Still, it is not clear how the proper function approach marks an improvement when it comes to the justification of mathematical beliefs. This is not Bergmann’s focus, but I take it that a problem here would call into question the account. To see the problem, consider a naturalized approach to proper function that aims to account for the design of the cognitive faculties of humans in terms of evolutionary processes. I can see how this might work for some simple mathematical beliefs, e.g. addition and subtraction of small numbers. But when it comes to the mathematics that we actually take ourselves to know, it is hard to see how a faculty could have evolved whose proper function would be responsible for these mathematical beliefs. The justification of our beliefs in axioms of advanced mathematics does not seem to work the same way as the justification of the mathematical beliefs that might confer some evolutionary advantage. If that’s right, then the proper function account might posit a new faculty for advanced mathematics. But it’s hard to see how such a faculty could have evolved. Another approach would be to side with Quine and insist that our justified mathematical beliefs are justified in virtue of their contribution to our justified scientific theories. The standard objection to this approach is that it does not accord with how mathematicians actually justify their beliefs. More to the point, it is hard to see how the cognitive faculties necessary for the evaluation of these whole theories could have evolved either.

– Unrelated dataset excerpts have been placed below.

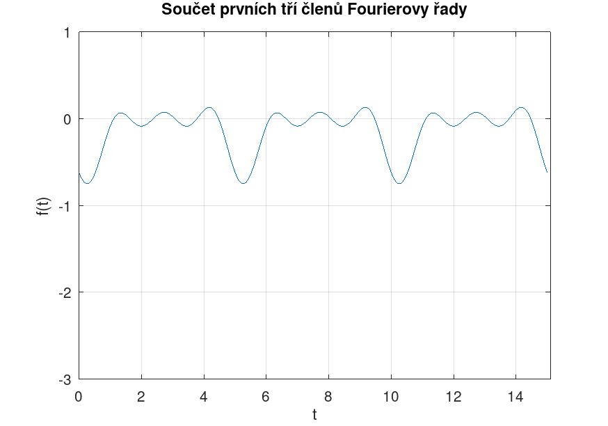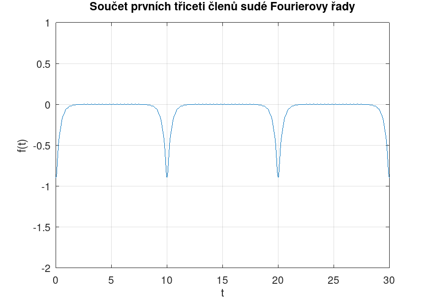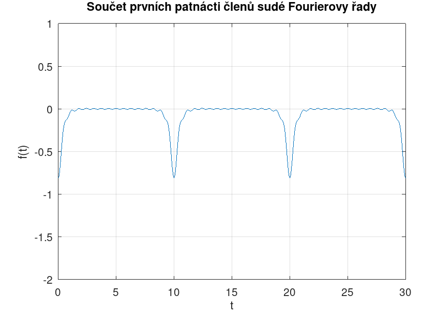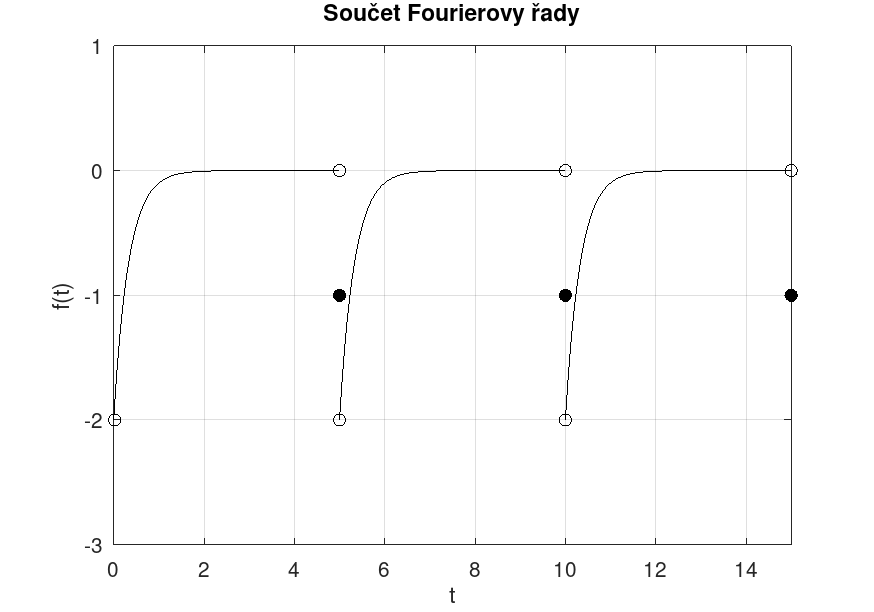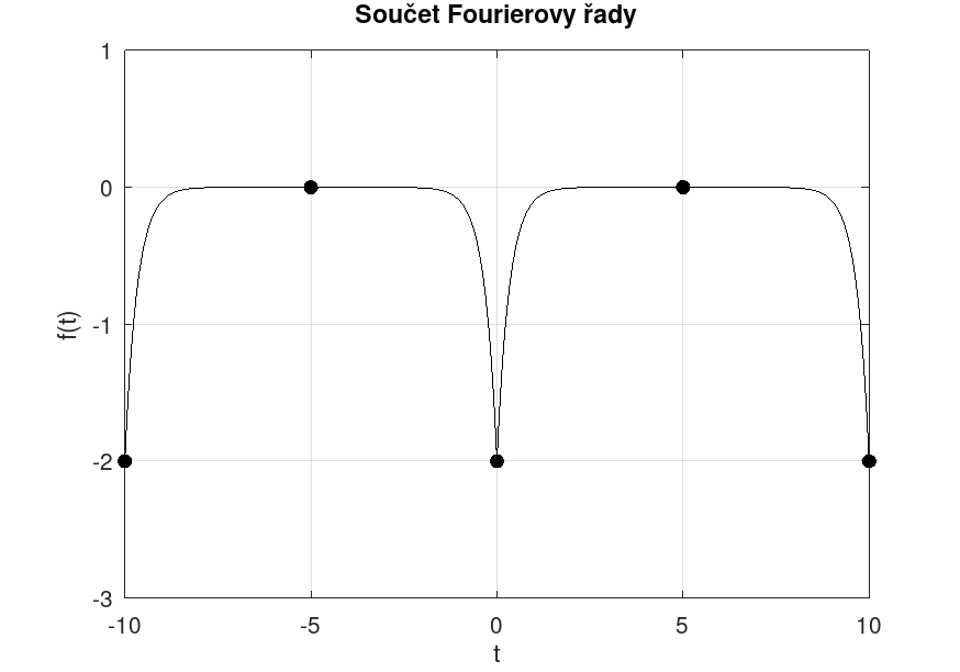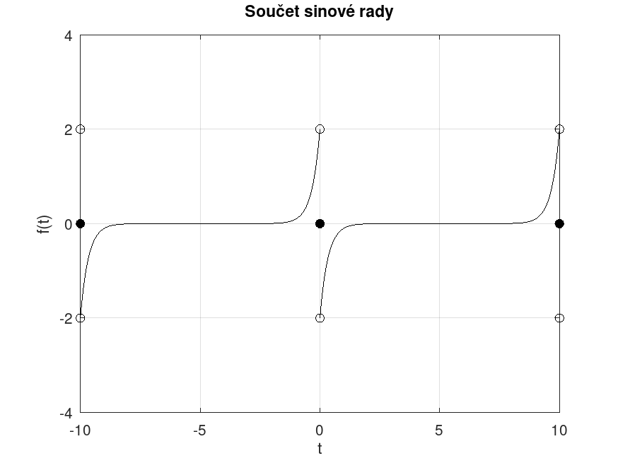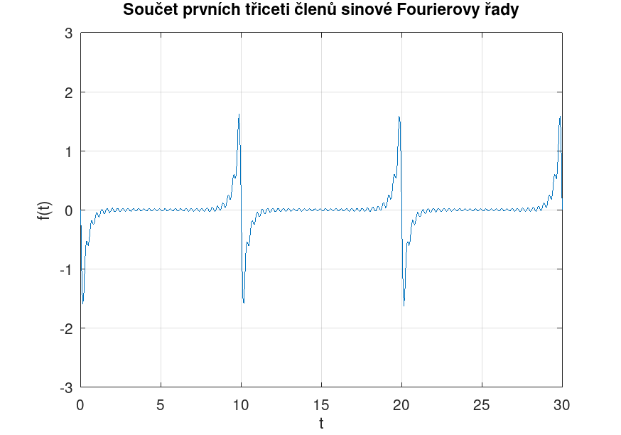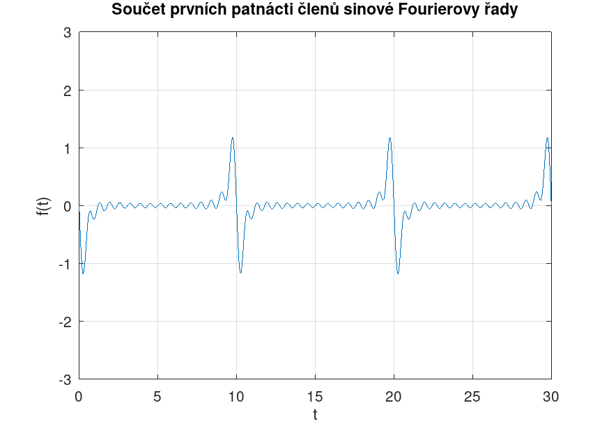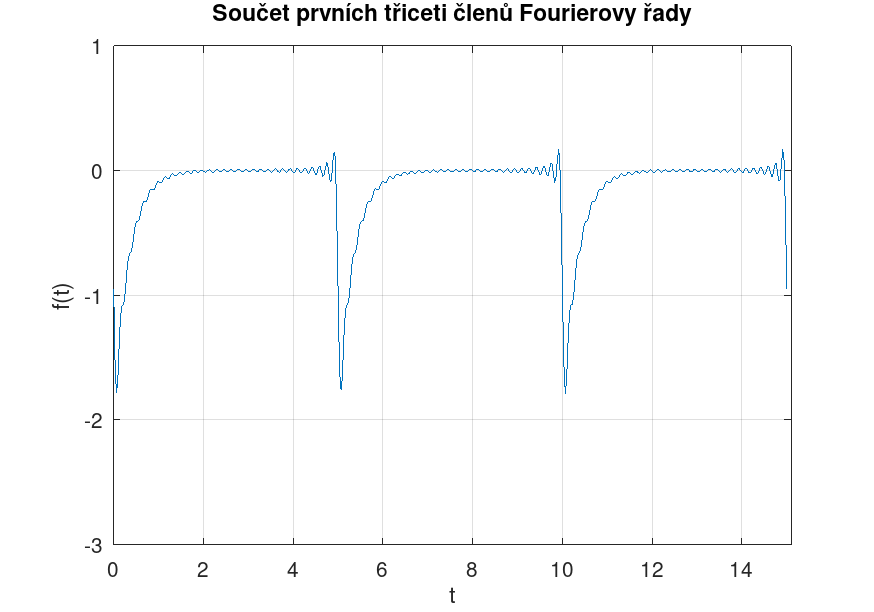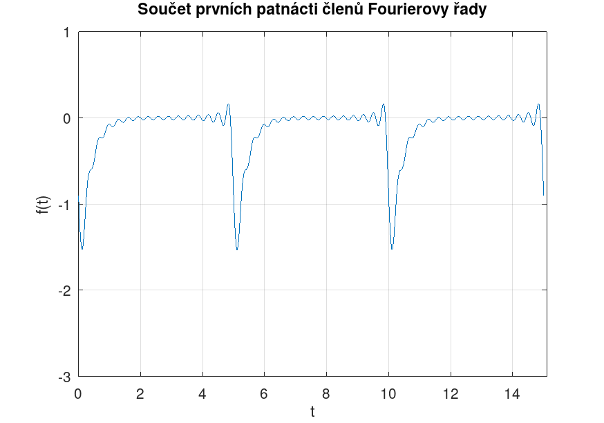 Na okrajích periody funkce \( f(t) \), která byla vyjádřena jako Fourierova řada, je patrný tzv. Gibbsův fenomén (přestřelení hodnoty funkce).
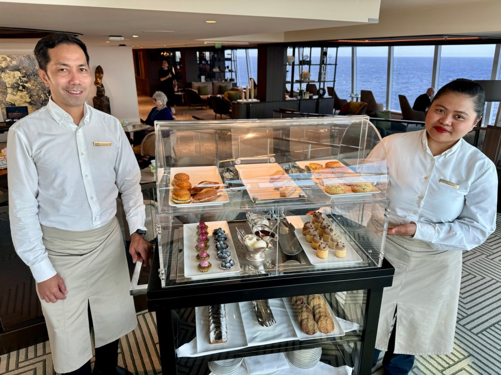 We had lunch, which was amazing again and then Kathy did a little sunning (yes, it was sunny and 80 degrees here – sorry for you snowbirds!) and I did a little chillin’. Then we went to listen to another guest speaker talk about the islands of the Caribbean in both their geological formation as well as their human evolution. Did you know that 25 million visitors (half from the US) visited here last year? Crazy! And we even snuck in afternoon tea service and all its goodies!
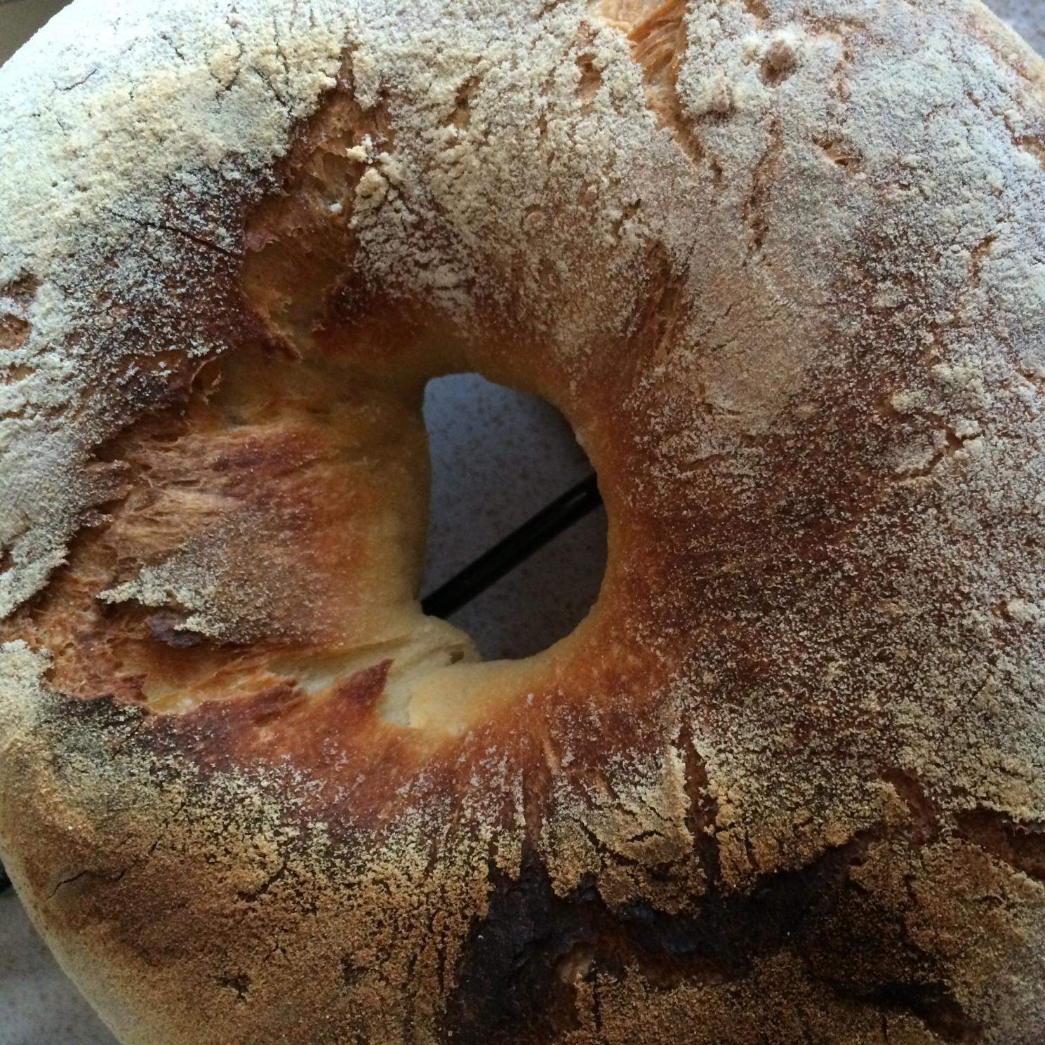 sciogliere il lievito madre rinfrescato nell'acqua per 10 sec vel 3. Aggiungere 400g semola rimacinata e lavorare per 30 sec vel 3. Aggiungere il sale e lavorare per altrettanti 30 sec vel 3. mettere l'impasto a riposare in una ciotola per un'oretta, poi fate tre giri di pieghe (su YouTube potete vederle) e date forma al pane. Praticate con il pollice un buco centrale aprendo la ciAmbella. Mettete a lievitare in teglia coperto per 3-4 ore (dipende dalla forza del lievito e dalla temp esterna) e infornare a 230 per 15 min e 180 per 40 min
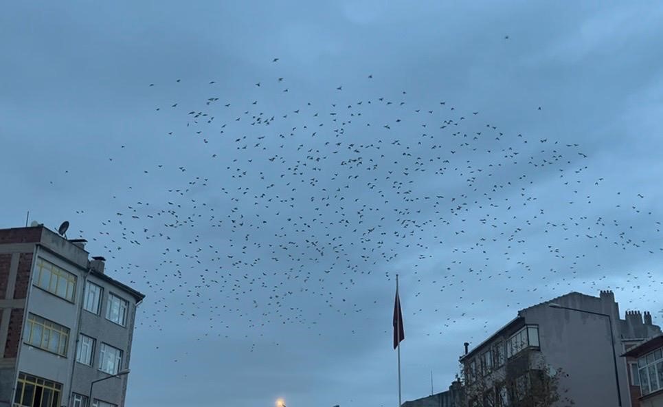 Tekirdağ’ın Hayrabolu ilçesinde sabah saatlerinde gökyüzünü kaplayan kalabalık karga sürüsü, vatandaşları şaşırttı.

A theist sympathetic to the proper function approach might take the failure of naturalistic proper functions as further support for their theism. But if that’s the case, then the claim that proper function approaches are consistent with some versions of naturalism, defended in section 5.3.1, needs to be further qualified.
4 comments:
Epistemology isn't really my area, but I read somewhere that proper function theories of justification aren't all that popular at present. If this is true, do you know why?
I'm not sure how popular it really is. It seems like a more recent version of externalism, and so maybe it hasn't had time to catch on. It clearly has some advantages over standard externalism, but I guess in my post I was saying that it has some challenges as well.
I don't know much about math, but if we admit a properly functioning cognitive faculty that justifies our simpler mathematical beliefs, couldn't we just build the rest of our math beliefs on top of them? This obviously couldn't happen if the base level accounted for only things like addition and subtraction. But if we supplement those with faculties like memory, our capacity for the basic logical inferences, and so on, couldn't we justify a lot of our higher-level math beliefs naturalistically?
I don't want to say that it couldn't be done, but my worry is that it hasn't been done yet, and I'm not sure how it would work. So, hopefully those sympathetic to proper function approaches will offer something on mathematics in the future. On your 'build-up' proposal, one key feature of advanced mathematics is that its axioms invoke more entities and entities that go beyond what we find in more basic mathematics. Consider, for example, the real numbers and the complex numbers. This makes it harder to justify the stronger axioms.